Never heard of Huawei? Well, that may change with Google’s new high-end Nexus 6P smartphone.
The China-based manufacturer of the Nexus 6P is on the rise and is now ranked as the No.3 global smartphone supplier behind Samsung and Apple, respectively, according to market researcher IDC’s most recent data. The 6P, a collaboration with Google, is Huawei’s first major product in the U.S.
The 5.7-inch Nexus 6P, the first all-metal Nexus phone, is meant to compete head on with the iPhone 6s Plus and Samsung Galaxy Note 5. Specs include a 2,560x1,440 pixel AMOLED display, a Qualcomm octa-core (8 core) processor, 32GB of storage (base model), 3GB of RAM, a fingerprint reader, 12.3-megapixel (4K video) camera, USB-C (for fast charging), Android 6.0, and a thickness/weight of 7.3mm/178 grams, respectively. (The 5.5-inch iPhone 6s Plus is 7.3mm inches/192 grams by comparison.) Pricing starts at $499.
Below is a survey of reviews of the phone that has just started shipping:
TechRadar: 4.5 stars. The Nexus 6P “nearly” keeps up with Apple and Samsung's large phones. The USB-C “may be ahead of its time,” it’s one of the first phones to get Android 6.0 Marshmallow, and the Nexus Imprint fingerprint sensor – on the back of the phone – is on par with Apple's Touch ID, according to TechRadar. Negatives include an unattractive rear camera bulge and no optical image stabilization. That said, “Google's super-sized phone for 2015 is thinner, lighter, stronger and easier to hold, making it a true step up from the Nexus 6 in every way imaginable.”
CNET: 4 stars. The “best-ever” Nexus has a “solid camera [and] an accurate fingerprint reader.” It also boasts good speakers and “its lower cost makes it a good top-tier value buy.” The 6P is compatible with most major carriers – another upside. Weaknesses include being “boxy and top-heavy,” no wireless charging, and a “generic” design that’s good but not stellar. Another thing to be aware of: while USB-C is where things are headed, it’s not widely supported yet.
The Guardian: 5 stars. The 6P “feels” well built and comfortable in the hand. The 5.7-inch AMOLED screen is colorful and bright “but not quite as vibrant as Samsung’s highly saturated AMOLED screens on the Galaxy S6 series.” It also has excellent front-facing speakers. The 6P uses a Qualcomm Snapdragon 801 processor v2.1, which addresses overheating issues with previous versions of the chip, according to the Guardian. (Other reviews also brought this up.) While the 6P can get warm, “performance was consistently good.” Battery life is “good but not excellent.” Overall, the Nexus 6P “is the best phablet available at the moment.”

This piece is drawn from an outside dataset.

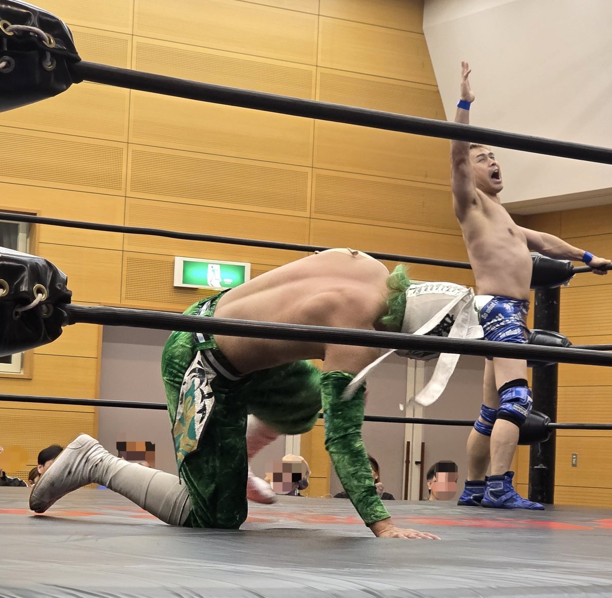 2025.11.09 JTO 山口大会9 ホームだからあんな高いところから 飛べるんですね。 あれは凄かった…当たれば良かったんだけど…😅 #pw_jto #TAKAみちのく 👽️ #駿之介 pic.x.com/ziBDNV16CH

ComputerWorld: The Nexus 6P is comparable in size to Samsung's Galaxy Note 5. Its height does make it a “touch too tall” for holding comfortably at times and one-handed use can be a challenge. On the upside, ComputerWorld points out that the Nexus 6P is basically the same size as the iPhone 6s Plus but has a larger display. Other pros include “superb camera quality,” good battery life, and value (price).
The Verge: “This is a Nexus phone, and it's also a premium phone. It's nice to finally be able to say that,” according to The Verge’s review. The review addresses issues associated with past Nexus phones in the context that the 6P appears to finally overcome them. “The history of Nexus phones is a history of great, clean software paired to hardware that is usually flawed in some fundamental way.” But the Nexus 6P has “none of those flaws,” The Verge said. The review also says the “bulge” on the back – to accommodate the camera – is a non-issue. "Don't sweat the bulge: it gives the 6P a visual identity and doesn't hurt anything.” The Verge liked the camera’s 12-megapixel Sony sensor too, calling the camera “great.” Battery life is good too, lasting a whole day. Addressing the 6P’s shortcomings, The Verge has a problem with the location of the fingerprint reader on the back of the phone. “You can't use it when the phone is set on a table, for example.”
Android Central: It’s all about the camera. While previous Nexus phones have had “acceptable” cameras, the Nexus 6P delivers pictures “that live up to the hype machine,” the review said. Android Central adds that the 6P’s camera should be ranked up there with the best cameras on phones like the LG G4, Galaxy Note 5, Galaxy S6, and iPhone 6 Plus. Video capture was top-notch too. The microphone is good at dealing with background noise and the stabilization software is adept at keeping camera shake to a minimum. The upshot: “This is by far the best camera on a Nexus phone, ever, and stands up against the best from the competition,” the review said.